Comment author: gwern 25 June 2012 02:31:14PM 0 points [-]

To me, 'entirely possible' doesn't convey around 50-50; so why bother sticking in an entire other word?

Comment author: gwern 31 May 2012 06:48:50PM 0 points [-]

Notes from Teigen & Brun:

The recurrent findings in these studies are (1) a reasonable degree of between-group consistency, combined with (2) a high degree of within-group variability. In other words, mean estimates of “very probable”, “doubtful” and “improbable” are reasonably similar from study to study, supporting the claim that probability words are translatable; but, at the same time, the interindividual variability of estimates is large enough to represent a potential communication problem. If, for instance, the doctor tells the patient that a cure is “possible”, she may mean a 5 per cent chance, but it may be interpreted to mean a 70 per cent chance, or vice versa. This variability is typically underestimated by the participants themselves. Brun and Teigen (1988) asked medical doctors to specify a range within which would fall 90 per cent of other doctors’ interpretations. This interval included on the average (for 14 verbal phrases) less than 65 per cent of the actual individual estimates. Amer, Hackenbrack and Nelson (1994) found that auditors’ 90 per cent ranges included, on average, only 56 per cent of the individual estimates (for 23 phrases). In other words, the problem posed by interindividual variability appears to be aggravated by a low degree of variability awareness.

...several attempts have been made to construct standard lists of verbal expressions, where each phrase is coordinated with an appropriate numeric probability (Beyth-Marom, 1982; Hamm, 1991; Tavana, Kennedy & Mohebbi, 1997; Renooij & Witteman, 1999)

...Verbal phrases are, furthermore, parts of ordinary language, and thus sensitive to conversational implicatures. So I may say that a particular outcome is somewhat uncertain, not because I think it has a low probability of occurring, but because I want to modify some actual, imagined or implied belief in its occurrence. Such modifications can go in two directions, either upwards or downwards on the probability scale. Verbal probability expressions can accordingly be categorised as having a positive or a negative directionality. They determine whether attention should be directed to the attainment or the non-attainment of the target outcome, and, in doing so, they have the ability to influence people’s judg- ments and decisions in an unambiguous way. Words may be denotatively vague, but they are argumentatively precise. If you tell me that success is “possible”, I know I am being encouraged, even if I do not know whether you have a probability of 30 per cent or of 70 per cent in mind. If you say it is “not certain”, I know I am advised to be careful and to think twice. But if you tell me there is a 45 per cent probability I will not know what to think. The information is precise, but its pragmatic meaning is undecided. Do you mean uncertainty (I have only a 45 per cent chance) or possibility (at least I have a 45 per cent chance)? Likelihood or doubt? Or both?

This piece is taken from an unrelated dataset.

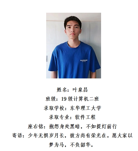 先进典型 优秀毕业生 优秀学生风采 优秀教职工 您现在的位置是:首页 > 先进典型 > 优秀毕业生 叶泉昌 管理员2023-09-011742 上一篇 王涛 下一篇 青春榜样力量||优秀毕业生——华文新

Comment author: Unnamed 31 May 2012 06:21:21PM 0 points [-]

The cached HTML of the review is available.

Comment author: gwern 06 June 2012 09:58:29PM *  0 points [-]

After reading through those cited papers, I think the Kessler scale is still the best of the suggestions and simpler than my own suggestion. I guess I'll just use that in the future. I've made some flashcards to help me memorize them.